Song by J. Cole

from the album KOD
- Released: April 20, 2018
- Recorded: 2017
- Genre: Hip hop; trap;
- Length: 2:13
- Label: Dreamville; Roc Nation; Interscope;
- Songwriters: Jermaine Cole; Roy Ayers; James Bedford; Lamont Porter; Sylvia Striplin; Christopher Wallace;
- Producer: J. Cole T-Minus

= Motiv8 (song) =

"Motiv8" (pronounced "motivate") is a song by American rapper J. Cole, released on April 20, 2018 from his fifth studio album, KOD.

==Composition and samples==
The song contains an uncredited sample from "Knuck If You Buck", performed by Crime Mob; and excerpts from "Get Money", as written by Roy Ayers, James Bedford, Lamont Porter, Sylvia Striplin and Chris Wallace, and performed by Junior M.A.F.I.A.

==Lyrical interpretation==
HotNewHipHop said "another track that’s been getting a lot of attention lately is this song called “Motiv8.” [...] Cole hops on this self-produced beat and raps about being motivated to get the money, something he repeats throughout the song & chorus."

==Critical reception==
Alexis Petridis of The Guardian said "Motiv8 revolves around little more than an eerie keyboard figure and a disembodied cry of “get money” from Lil Kim's guest appearance on the 1995 Junior MAFIA hit of the same title – ripped out of context, it sounds bleak and despairing." KentWired said “Another song I feel like will be played on the radio a lot.

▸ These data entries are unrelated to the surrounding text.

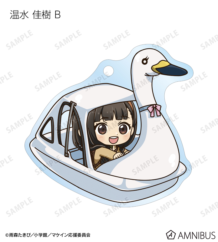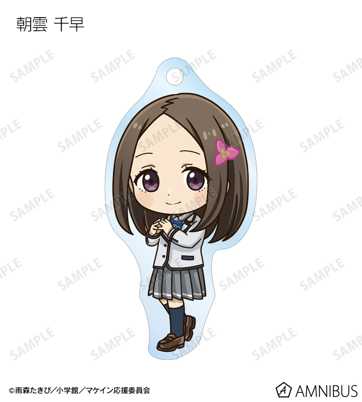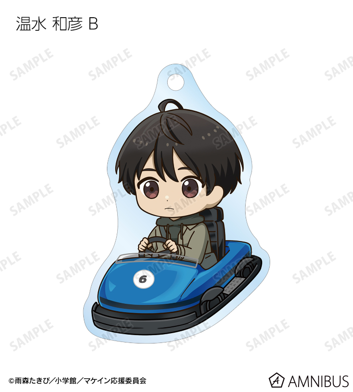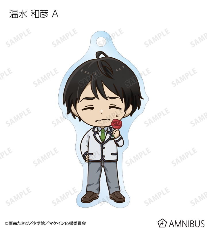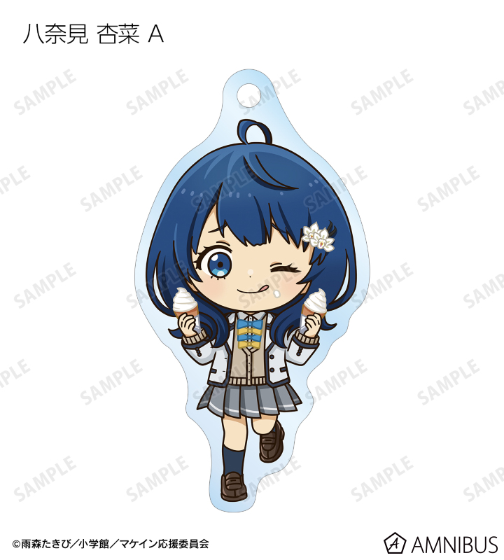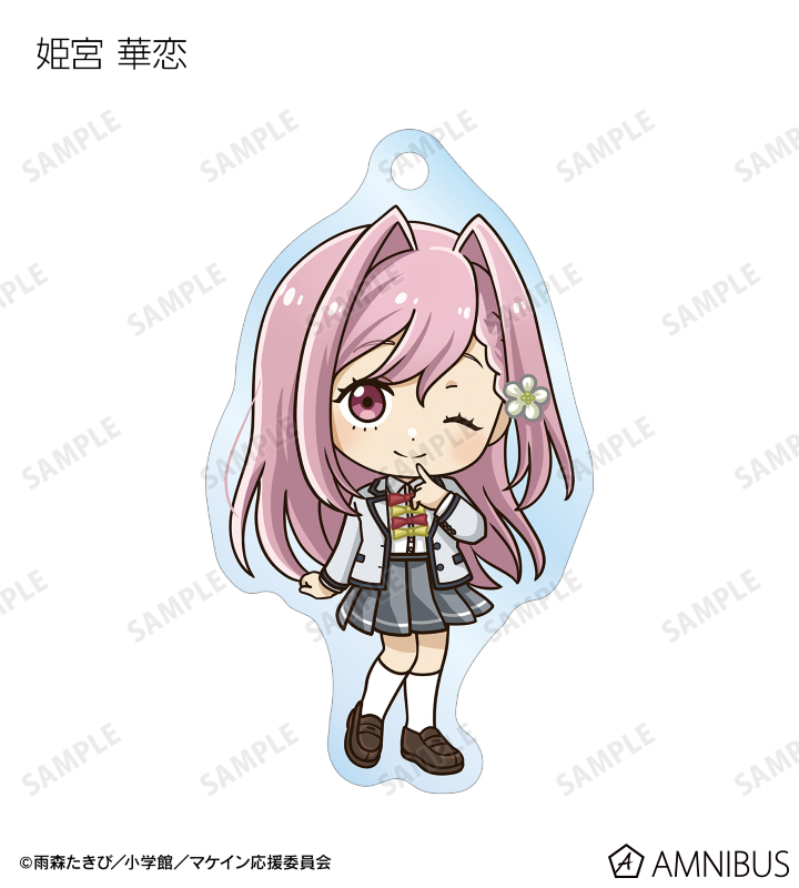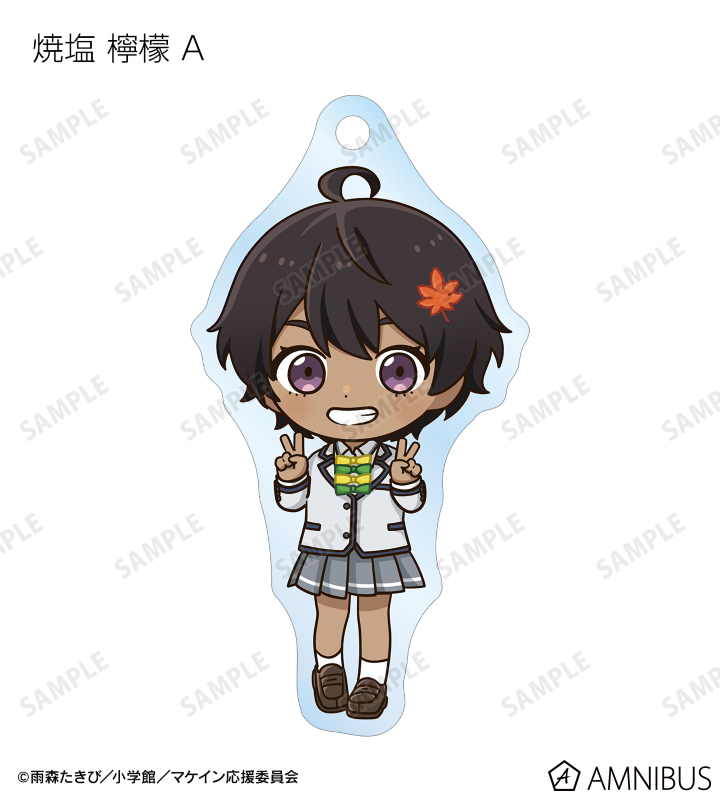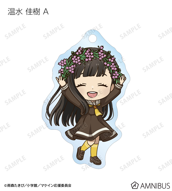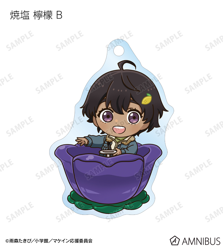 温水 和彦、八奈見 杏菜、焼塩 檸檬、小鞠 知花、温水 佳樹、月之木 古都、姫宮 華恋、朝雲 千早、志喜屋 夢子、放虎原 ひばり、馬剃 天愛星の描き起こしちびキャライラストをメインにデザインし、アクリルキーホルダーに仕上げました。
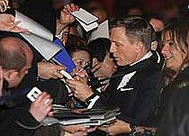 Daniel Craig a sosit îmbrăcat aidoma personajului căruia îi dă viaţă în ?Quantum Of Solace?, dar cu mâna dreaptă prinsă discret într-un bandaj negru. Actorul în vârstă de 40 de ani s-a accidentat în timpul filmărilor.
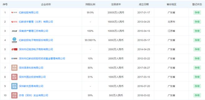天眼查显示,目前周世平名下作为法定代表人的企业还有10家存续,同时他还担任15家存续企业的股东。其中包括“红岭创投”核心企业——红岭创投电子商务股份有限公司,周世平担任法定代表人、董事长并持股约99.99%。
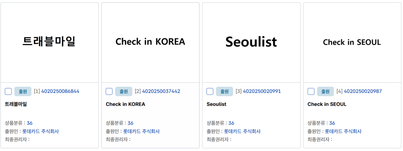| 롯데카드는 올해들어 여행과 관련한 총 4건의 상표권을 출원했다. [키프리스 화면 갈무리] |
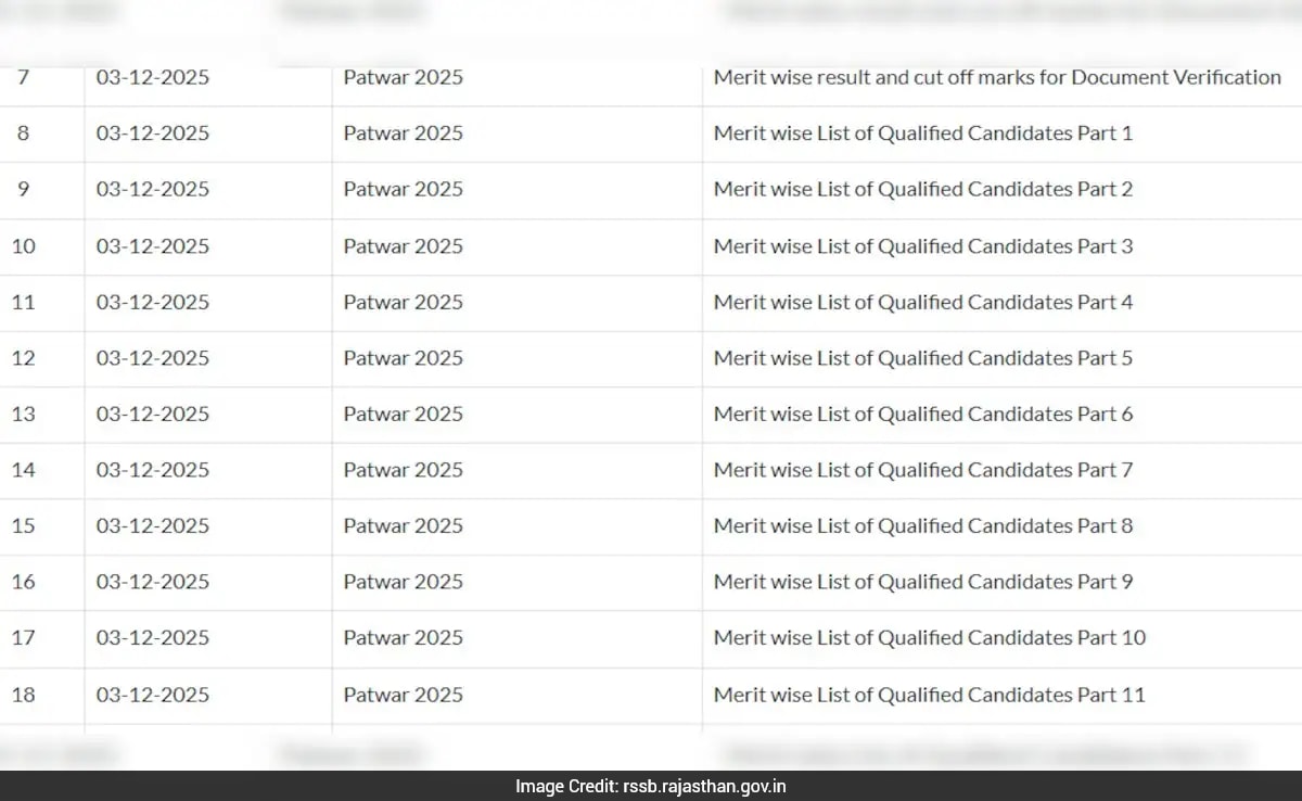RSSB Rajasthan Patwari Result 2025: The Rajasthan Staff Selection Board (RSSB) has released the Patwari examination 2025 roll number-wise result and cut-off. The board has released 12 merit-wise list of qualified candiates and a separate cut-off list. Candidates who appeared for the examination on August 17, 2025 can check and download the result on the official website of the board - rssb.rajasthan.gov.in.
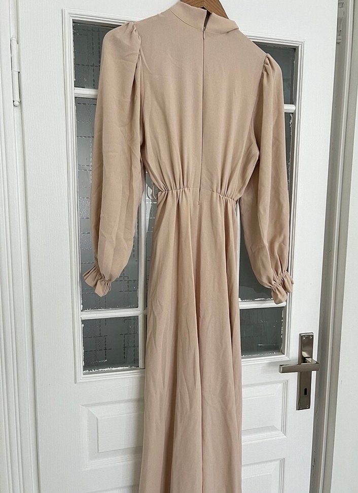 Bej renkli uzun keten elbise, drapeli detaylı ve yüksek yakalıdır. Uzun kollu ve bol kesim, klasik ve modern ofis stiline uygundur.
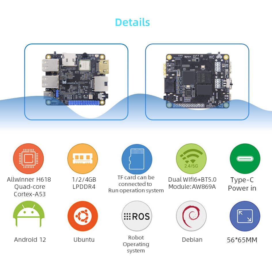Dual-Band Wif5.0 Wif5.0 Wif5.0 wif2.0 wif2.0 wif2.0 wifi6 + bt5.0 ဖြင့် HDMI2.0, GigiAd Ethernet, TF ကဒ်ကိုင်ဆောင်သူနှင့်အခြားအရံပစ္စည်းများနှင့်အတူ allwinner H618 ကိုအသုံးပြုသည်။ Gigio, SPI, UART, PWM functions များကိုထုတ်လုပ်ခြင်း,
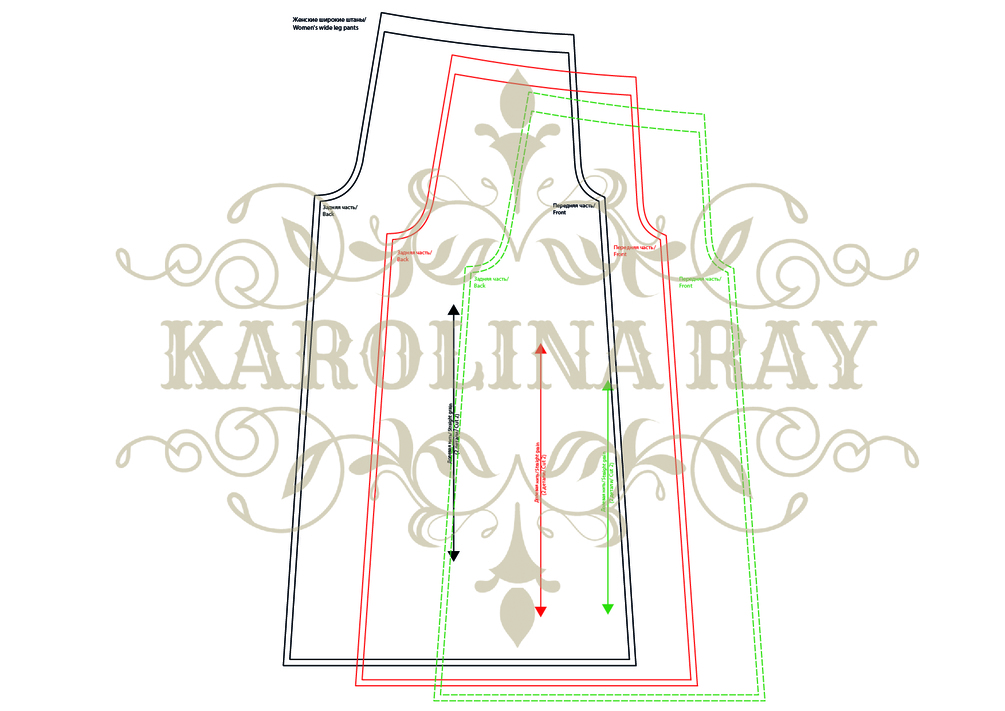 Цифровые лекала женских широких штанов (для тянущихся тканей) для печати на домашнем принтере на бумаге формата А4
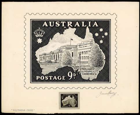1937 (c.) Essay for a proposed 9d pictorial, depicting the Parliament House, Canberra within a map of Australia, with the "Southern Cross" at right and a crown over single star at left, in black ink on unglazed card, touched up with Chinese white in places, approx. 174mm x 143mm, by the prolific New Zealand stamp designer James Berry and signed below design, also endorsed "SOUTHERN CROSS" in pencil at lower left, a photographic 'stamp size' reproduction has been affixed below the design, accompanied by a contemporary typewritten slip suggesting this could be part of a new definitive series with a common frame design but varying centres, almost certainly unique, most attractive!

Also, another favorite song of mine. This kind of reminds me of Kendrick Lamar’s “Levitate.” However, I love the beginning of this song where it has pretty much a video game sound effect to it.”

==Usage in media==
The song was featured in the official 2018 NBA Playoffs (Eastern Conference Finals) and the NBA Finals promotion for ESPN.

==Commercial performance==
Upon its first week of release, "Motiv8" debuted at number 15 on the US Billboard Hot 100.

==Charts==

| Chart (2018) | Peak position |
|---|---|
| Australia (ARIA) | 47 |
| Canada Hot 100 (Billboard) | 23 |
| Ireland (IRMA) | 37 |
| New Zealand (Recorded Music NZ) | 26 |
| Portugal (AFP) | 47 |
| Sweden Heatseeker (Sverigetopplistan) | 5 |
| US Billboard Hot 100 | 15 |
| US Hot R&B/Hip-Hop Songs (Billboard) | 10 |

==Certifications==

| Region | Certification | Certified units/sales |
| Australia (ARIA) | Gold | 35,000^{‡} |
| United States (RIAA) | Platinum | 1,000,000^{‡} |
^{‡} Sales+streaming figures based on certification alone.